- **EXERCISE**: Type out the lines below exactly, from the first through the line holding "다음 자료를 토대로 (주)한공의", and include no pictures.

- **DATA BLOCK**:

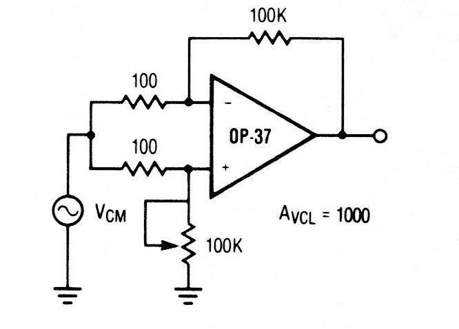 Con este circuito, de un datasheet de operacionales antiguo, es posible medir el CMRR, rechazo en modo común de un operacional. La fuente debe ser simétrica.
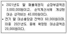 다음 자료를 토대로 (주)한공의 2021년도 재무상태표에 보고될 대손충당금 차감 전 매출채권금액을 계산하면 얼마인가?
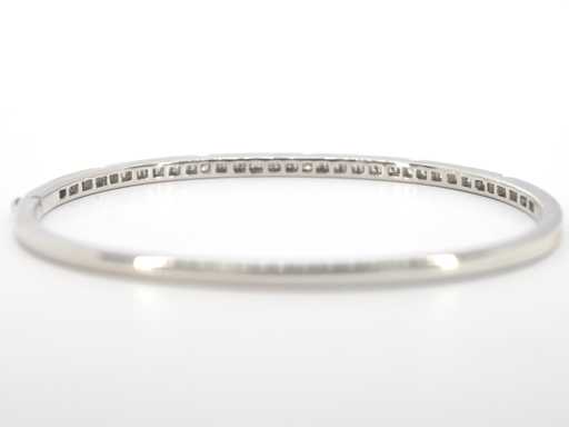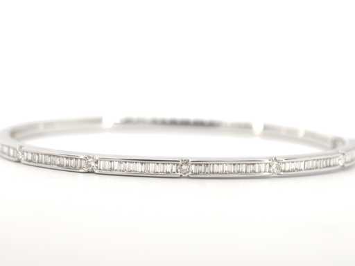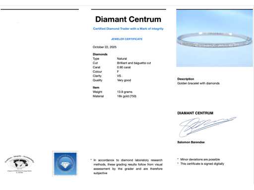 Diamant: Natuurlijk; Slijpvorm: Briljant en baguette geslepen; Gewicht (carat): 0.90 carat; Kleur: F; Zuiverheid: VS; Slijpkwaliteit: Zeer mooi; Juweel: Armband; Gewicht: 13.9 gram; Afmetingen/lengte: 60 x 50 mm; Materiaal: 18K goud (750); Conditie: Nieuw; Verpakking: Luxe sieradendoos; Toelichting: De kwaliteit is overgenomen van het rapport behorend bij item. De waardebepaling is een beoordeling van een gecertificeerde diamantair, gebaseerd op consumentenprijzen.; Consumentenprijs: € 15.200,-
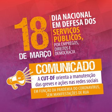 A CUT divulgou orientação para manutenção da greve, evitando aglomerações. Após avaliação da situação geral que ocorre especialmente no DF, SP e RJ, o Sindinorte deliberou por fazer um movimento diferente do que estamos acostumados a fazer – um movimento em massa, mas virtual.

- **REPLY**:
 Con este circuito, de un datasheet de operacionales antiguo, es posible medir el CMRR, rechazo en modo común de un operacional. La fuente debe ser simétrica.
 다음 자료를 토대로 (주)한공의 2021년도 재무상태표에 보고될 대손충당금 차감 전 매출채권금액을 계산하면 얼마인가?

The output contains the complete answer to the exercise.